Web 3 doesn’t work the same as traditional systems. Governance entity independence is fundamentally unverifiable, just as the existence of a deity is fundamentally unfalsifiable… While you cannot prove independence, you can disprove it (if someone slips up).

By having thousands of nodes participating in consensus (significantly reducing the chances and means of a single entity gaining control)… The IC has as few as 13 nodes - it doesn’t work without strict KYC and clear rules about independence (and the threat of offbording if caught out).

In this context, I personally think the following is a very confusing statement for a person in your position at DFINITY to make →

You’re guiding node providers (as well as proposal reviewers) to disregard restrictions that are supposed to be levied against independent node providers.

Given this, can I ask why you’re the one guiding this operation (steering the node providers that are being onboarded, and steering the voting community)? Please forgive my bluntness, but I’m quite baffled by some of your statements, and I’m concerned.

---

On a related note, if I were to stop chasing @tina23 / @geeta23 / @paul23 for an explanation of their circumstances, would you be chasing this at all? Do you know what the relationship is between these three entities? Do you consider it your business to know, or at least to do your best know, or at least to ask?

Again… I’m sorry for how I must be coming across. I’m a nice person (I promise)

Before I sign off for a long weekend.
I am making no attempt to steer the voting community. I’ve merely been having a conversation with you.

My job is not to steer anything, but merely to track information about rewards and nodes onboarding. I have been involved with this since Genesis. Thus, I have answers and relevant information to a small amount of the questions that you’ve asked. This position has also led me to have many of the same concerns you have, but I have (I think) a bit more experience about “real world” logistics that are relevant to any solution being successful, which I have simply sought to share for consideration. Not at all to discount your concerns (because in reality, I share them), but because these subjects appear, to me, to be very complex with many sides that must be considered in order for a successful solution to be found.

Perhaps I have spoken too much in this thread and given the impression that I am trying to steer things. I am not, so for that, please forgive me. I only seek to provide information and context.

DFINITY is trying to hand over more and more of the steering to the community, which is why the Technical Working Groups are taking a leading role in solving some of these things. Again, you are certainly welcome to join!

Thank you for your work, I share your concerns and hope that the Foundation will improve so that ICP does not suffer losses.

Hello @Lorimer and all!
As @maria pointed out, I’ve taken over Sven’s responsibilities within DFINITY Foundation.

Today I’d like to share with you the work we did on geolocation of the nodes in question.

TL;DR: we were able to confirm the locations for the nodes of Geeta Kalwani, Bianca-Martina Rohner, and GeoNodes LLC (San Jose DC) using RIPE Atlas infrastructure.

Methodology

The investigation will use the methods available via the RIPE Atlas network, such as ping and traceroute tools, as well as IP geolocation databases from IPinfo.io

RIPE Atlas Network

RIPE Atlas is a global Internet measurement platform operated by the RIPE NCC (Réseaux IP Européens Network Coordination Centre). RIPE Atlas consists of thirteen thousands of small measurement devices—called probes and anchors—that are distributed all around the world.

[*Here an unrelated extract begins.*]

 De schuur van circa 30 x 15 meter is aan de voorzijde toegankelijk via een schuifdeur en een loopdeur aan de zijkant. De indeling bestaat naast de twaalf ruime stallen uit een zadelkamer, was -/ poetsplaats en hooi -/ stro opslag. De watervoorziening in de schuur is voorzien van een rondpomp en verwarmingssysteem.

These devices allows basic connectivity checks, such as ping, traceroute, TLS, DNS, NTP. The locations of all the probes and anchors within the system are known and publicly available.

Global Ping Tests

Randomly selected list of 300 probes that are pinging the specified location and reporting the results. The graphs are showing red for high ping, yellow for ok’ish ping, and green and dark green for extremely low ping (signifying geographical proximity)

Local Ping Tests

Once server locations are determined with ping, a random selection of probes in that country plus random selection of probes in the node-reported country is selected for the localized ping test.

Traceroute Tests

Traceroute tests are showing the connectivity path between probe and the tested IP, including AS number, as well as ping delay for each hop. We don’t count on the probes to be successful, but hoping to see the path the packets take in order to reach the destination.

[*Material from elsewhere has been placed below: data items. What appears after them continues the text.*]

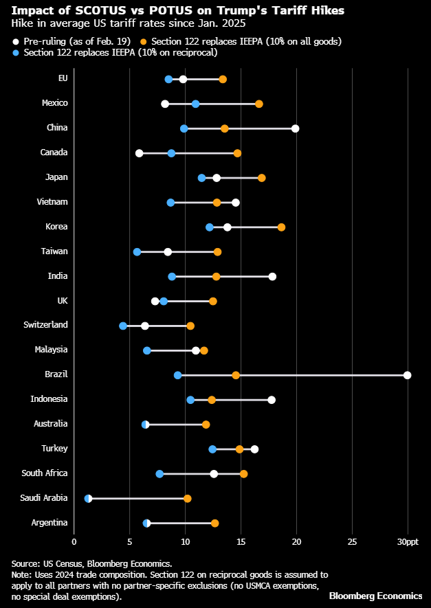 Trump včera uvedl, že daná plošná celní sazba by měla začít platit během tří dní. Zatím není jasné, zda bude platit na všechny produkty, které se do USA dováží, nebo jenom na ty, které podléhaly zneplatněnému recipročnímu clu. Trump spíše naznačuje, že se bude vztahovat na všechny produkty. V takovém případě by ovšem platilo, že průměrné navýšení cel USA na dovoz z EU by za dobu Trumpova vládnutí během druhého prezidentského mandátu, tedy od ledna 2025, představovalo 13,4 procentního bodu, namísto 9,8 procentního bodu, které platilo před včerejším verdiktem Nejvyššího soudu (viz graf Bloombergu níže). Jestliže bude ale celosvětová globální sazba ve výši deseti procent uplatněna pouze na dovážené zboží, které dosud podléhalo clu recipročnímu, Trumpovo celkové navýšené clo na dovoz z EU od ledna 2025 bude činit 8,5 procentního bodu. V takovém případě by si tedy unijní vývozci v průměru polepšili oproti dosavadnímu stavu, neboť by čelili clu celkově nižšímu.
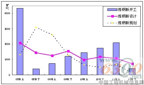 在新增粗钢产能方面,2011年下半年,新开工、新设计、新规划炼钢产能分别为420万吨、736万吨和127万吨,较上半年分别大幅下降80%、32.3%和81.3%,处于近年来最低水平,与此同时,采、选矿投资持续增加。下图为2008年以来各时间段新开工、新设计、新规划炼钢产能情况。企业已从单纯追求扩大产能向技术改造、资源开发、循环经济方向发展,抑制产能过剩、加快产业结构调整已经成为共识。
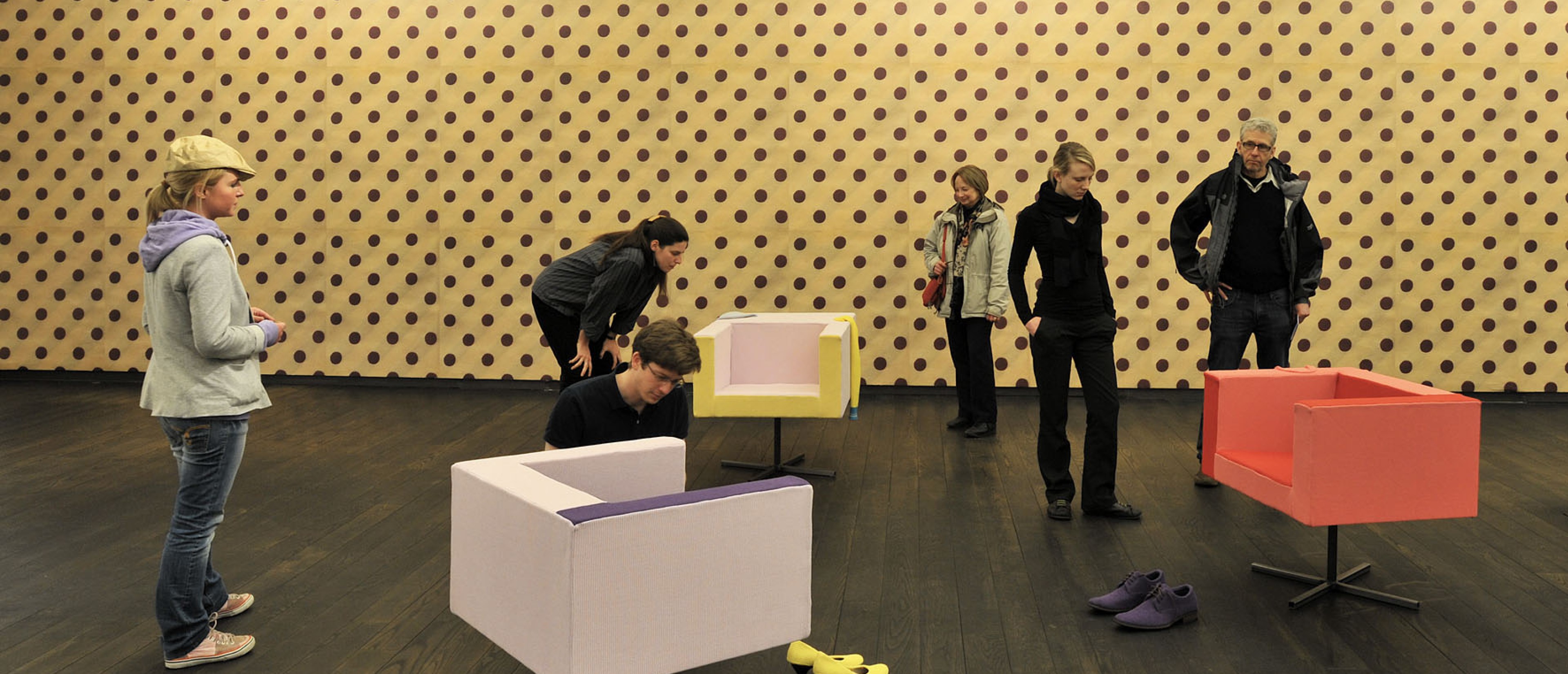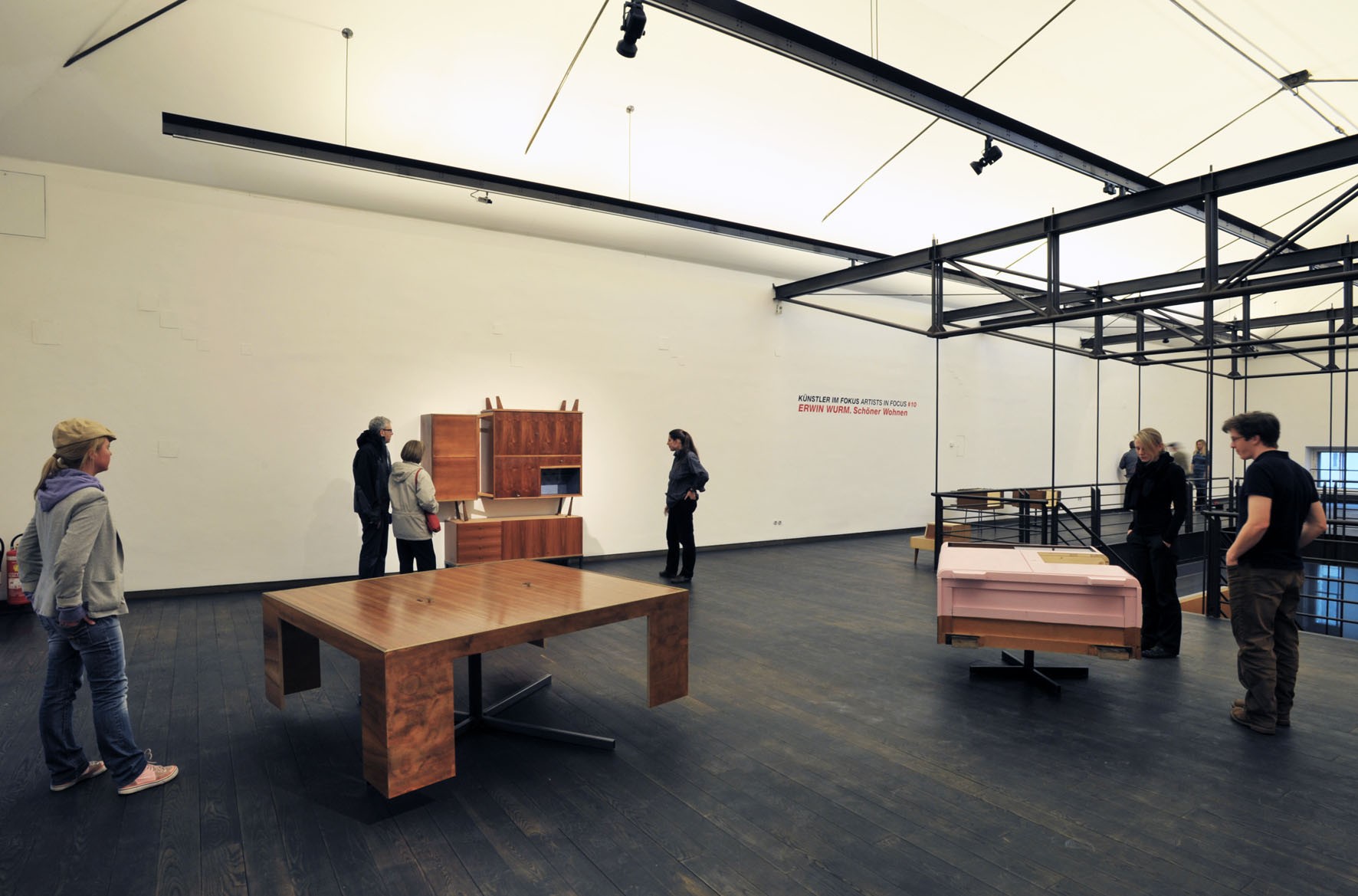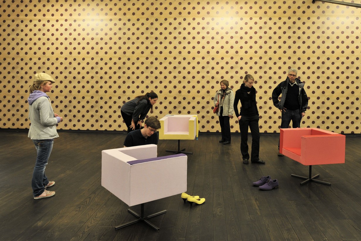 Schöner Wohnen, an intervention developed by Erwin Wurm for the Permanent Collection of Contemporary Art, infiltrates and undermines classic interior furnishings with various narrative strands. The focus is on furnitureobjects of functional value and the standard repertoire of the social space. Such pieces manifest attitudes towards life in a model fashion. Wurm overturns this world of things, however, and in the process he further exaggerates the functionality and symbolic nature of his objects. Starting with originals from between the 1930s and 1960s, he forms and animates furniture objects into applied sculptures, expanded by so-called Action Models.

IP Info Geolocation Lookups

Lookups via ipinfo.io. The geolocation of IP addresses reported via this site are not always accurate, especially for the IPv6 space, but it can serve as a confirmation of the findings.

Binding the Ping Delay to the Geopositioning

We assume the speed of light in fiber to be about 2×10^8 m/s (assuming uninterrupted piece of fiber not traversing any routing equipment, so in reality the speed is going to be slower). This roughly means that a ping delay of 1ms is equal to 100km round trip in the best scenario.

Transparency of the Measurements

Each measurement we reference in this document are public, each one contains a link to the Atlas website, so interested parties can inspect these measurements for themselves.

Targeted Node Providers

The investigation will focus on the following node providers:

Geeta Kalwani

Self-reported server location: Bogota, Colombia

Global Ping Tests

Node: 7pvxh-37ula-relu7-uim72-jvx46-dcnvm-52zsf-vkqzm-xsjoy-4xf4l-hqe

IP: 2606:f180:2:0:6801:c4ff:fe6a:32c3

URL: RIPE Atlas - RIPE Network Coordination Centre

Quick analysis: the lowest ping is from Colombia.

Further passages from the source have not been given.